Definition of Clinical Depression - Clinical Depression is caused when the brain does not produce or release anywhere near a "normal" amount of Serotonin, leading to severe anxiety, stress and mood swings. For example, most people enjoy chocolate. Chocolate has been scientifically proven to increase the production and release of serotonin in the brain, so therefore you feel really happy when you eat it.

Amy has always been very open and honest with me about her condition (slightly inappropriate humour included) and was always brilliant at answering questions whenever I got a little curious too. I didn't have a lot of knowledge on the subject before meeting Amy and had no idea how difficult and sometimes gruelling this condition can be, especially when undiagnosed.

After we became closer as friends, and a number of quite frank conversations I found out more about Amy's depression and what she went through as a teenager with alcohol, drugs and self-harm. I was pretty shocked and upset to think of my Amy feeling that hurt, angry and alone. I wish I could have been there for her as she has been there for me on so many occasions. I might not have been the biggest help but I'd have tried my damnest to comfort her and show her that she wasn't alone.

It was a few weeks later that Amy told me she wanted to start a blog about her experiences so she could help people in a similar situation, and to show that clinical depression isn't a 'made-up' condition, it's very real and affects people every day. I thought it was a great idea and, going by my own experience, would help her as much as the people reading it. I won't lie, when I read it I bawled my eyes out. Not the most useful thing to do and not what she needs but I couldn't help it. If I could take all the pain that Amy has suffered away, then I would do it in a nano second without hesitation.

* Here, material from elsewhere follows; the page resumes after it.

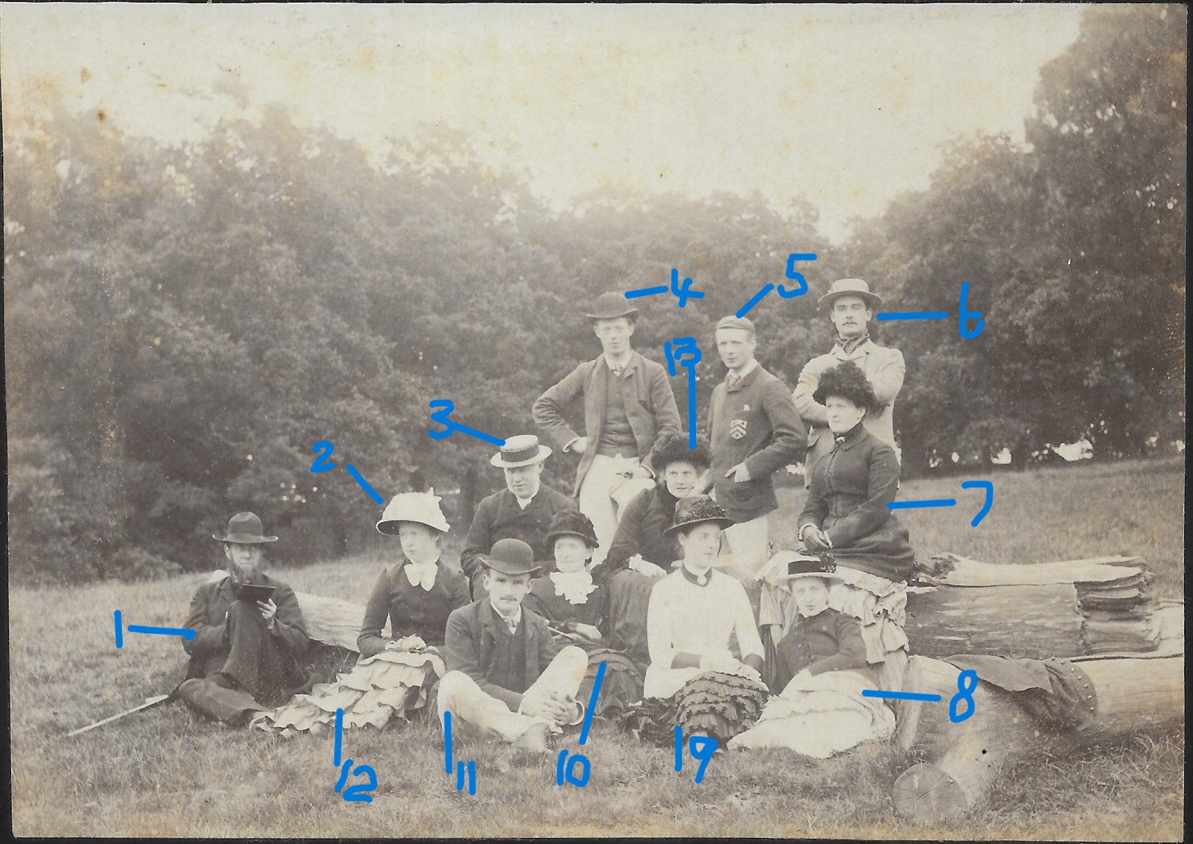 I love Victorian era group photos, especially ones like this, when they’d all met up to have a picnic, and the amateur photographer of the family captures that moment in time when they are all together. They could never have imagined that almost 140 years later, I would be sharing this moment with you.

Amy is the strongest and bravest person I've ever had the privilage to meet and that's why I love her to bits. Although she sometimes doubts herself and has the occasional wobble I'd like to think that she knows she can come to me with anything at anytime, good or bad and I'll be there in a shot.

I have my D's ass to kick and Amy has hers, hopefully we'll be doing it together as a joint effort as BFFs until we're old and grey.